On Mon, Apr 23, 2007 at 08:33:12PM +0400, Oleg Nesterov wrote:
> On 04/23, Jarek Poplawski wrote:
> >
> > On Fri, Apr 20, 2007 at 09:08:36PM +0400, Oleg Nesterov wrote:
> > > 
> > > First, this flag should be cleared after return from cancel_rearming_delayed_work().
> > 
> > I think this flag, if at all, probably should be cleared only
> > consciously by the owner of a work, maybe as a schedule_xxx_work
> > parameter, (but shouldn't be used from work handlers for rearming).
> > Mostly it should mean: we are closing (and have no time to chase
> > our work)...
> 
> This will change the API. Currently it is possible to do:
> 
> 	cancel_delayed_work(dwork);
> 	schedule_delayed_work(dwork, delay);
> 
> and we have such a code. With the change you propose this can't work.
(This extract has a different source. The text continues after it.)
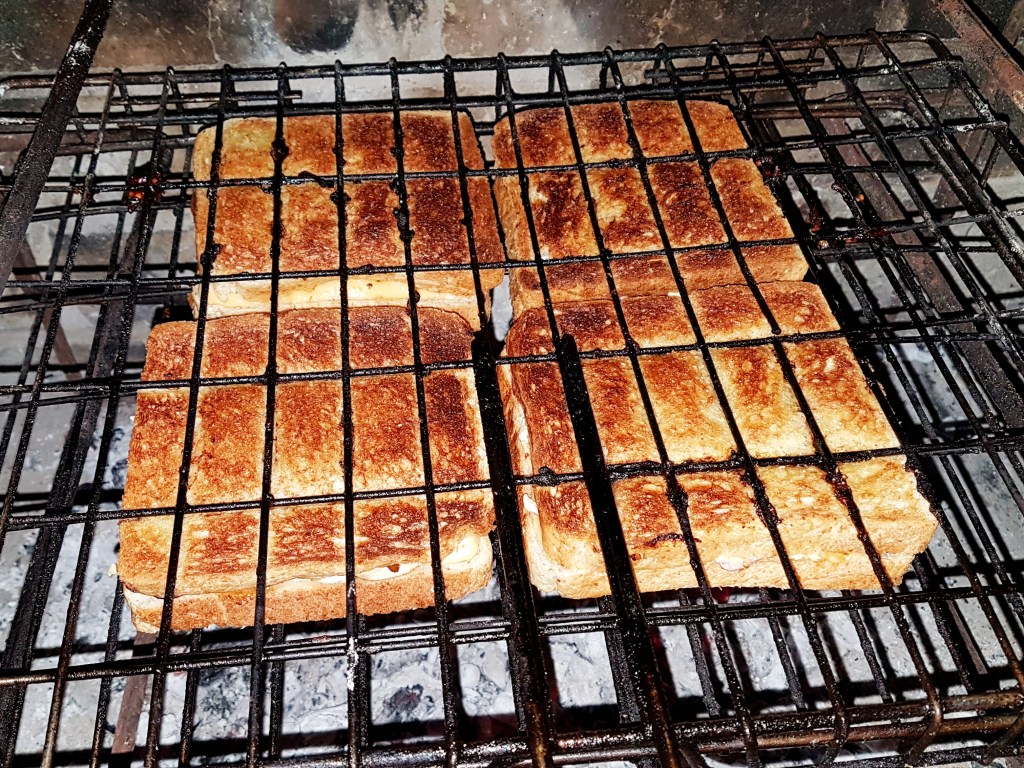 - Place the braaibroodjies on a grid and cook over medium to low heat coals. Remember to keep an eye on them and turn regularly so they don’t burn.

Not necessarily: this all was only a concept and schedule_xxx_work
could be also a new function, if needed.

> 
> > > Also, we should add a lot of nasty checks to workqueue.c
> > 
> > Checking a flag isn't nasty - it's clear. IMHO current way of checking,
> > whether cancel succeeded, is nasty.
> > 
> > > 
> > > I _think_ we can re-use WORK_STRUCT_PENDING to improve this interface.
> > > Note that if we set WORK_STRUCT_PENDING, the work can't be queued, and
> > > dwork->timer can't be started. The only problem is that it is not so
> > > trivial to avoid races.
> > 
> > If there were no place, it would be better, then current way.
> > But WORK_STRUCT_PENDING couldn't be used for some error checking,
> > as it's now.
> 
> Look,
> 
> 	void cancel_rearming_delayed_work(struct delayed_work *dwork)
> 	{
> 		struct work_struct *work = &dwork->work;
> 		struct cpu_workqueue_struct *cwq = get_wq_data(work);
> 		struct workqueue_struct *wq;
> 		const cpumask_t *cpu_map;
> 		int retry;
> 		int cpu;
> 
> 		if (!cwq)
> 			return;
> 
> 	retry:
> 		spin_lock_irq(&cwq->lock);
> 		list_del_init(&work->entry);
> 		__set_bit(WORK_STRUCT_PENDING, work_data_bits(work));
> 		retry = try_to_del_timer_sync(&dwork->timer) < 0;
> 		spin_unlock_irq(&cwq->lock);
> 
> 		if (unlikely(retry))
> 			goto retry;
> 
> 		// the work can't be re-queued and the timer can't
> 		// be re-started due to WORK_STRUCT_PENDING
> 
> 		wq = cwq->wq;
> 		cpu_map = wq_cpu_map(wq);
> 
> 		for_each_cpu_mask(cpu, *cpu_map)
> 			wait_on_work(per_cpu_ptr(wq->cpu_wq, cpu), work);
> 
> 		work_clear_pending(work);
> 	}
> 
> I think this almost works, except:
> 
> 	- we should change run_workqueue() to call work_clear_pending()
> 	  under cwq->lock. I'd like to avoid this.
> 
> 	- this is racy wrt cpu-hotplug. We should re-check get_wq_data()
> 	  when we take the lock. This is easy.
> 
> 	- we should factor out the common code with cancel_work_sync().
> 
> I may be wrong, still had no time to concentrate on this with a "clear head".
> May be tomorrow.

This looks fine. Of course, it requires to remove some debugging
currently done with _PENDING flag and it's hard to estimate this
all before you do more, but it should be more foreseeable than
current way. But the races with _PENDING could be really "funny"
without locking it everywhere. BTW - are a few locks more a real
problem, while serving a "sleeping" path? And I don't think there
is any reason to hurry... 

> 
> > > > - for a work function: to stop execution as soon as possible,
> > > > even without completing the usual job, at first possible check.
> > > 
> > > I doubt we need this "in general". It is easy to add some flag to the
> > > work_struct's container and check it in work->func() when needed.
> > 
> > Yes, but currently you cannot to behave like this e.g. with
> > "rearming" work.
> 
> Why?

OK, it's not impossible, but needs some bothering: if I simply
set some flag and my work function exits before rearming -
cancel_rearming_delayed_work can loop.

> 
> >                   And maybe a common api could save some work.
> 
> May be you are right, but still I don't think we should introduce
> the new flag to implement this imho not-so-useful feature.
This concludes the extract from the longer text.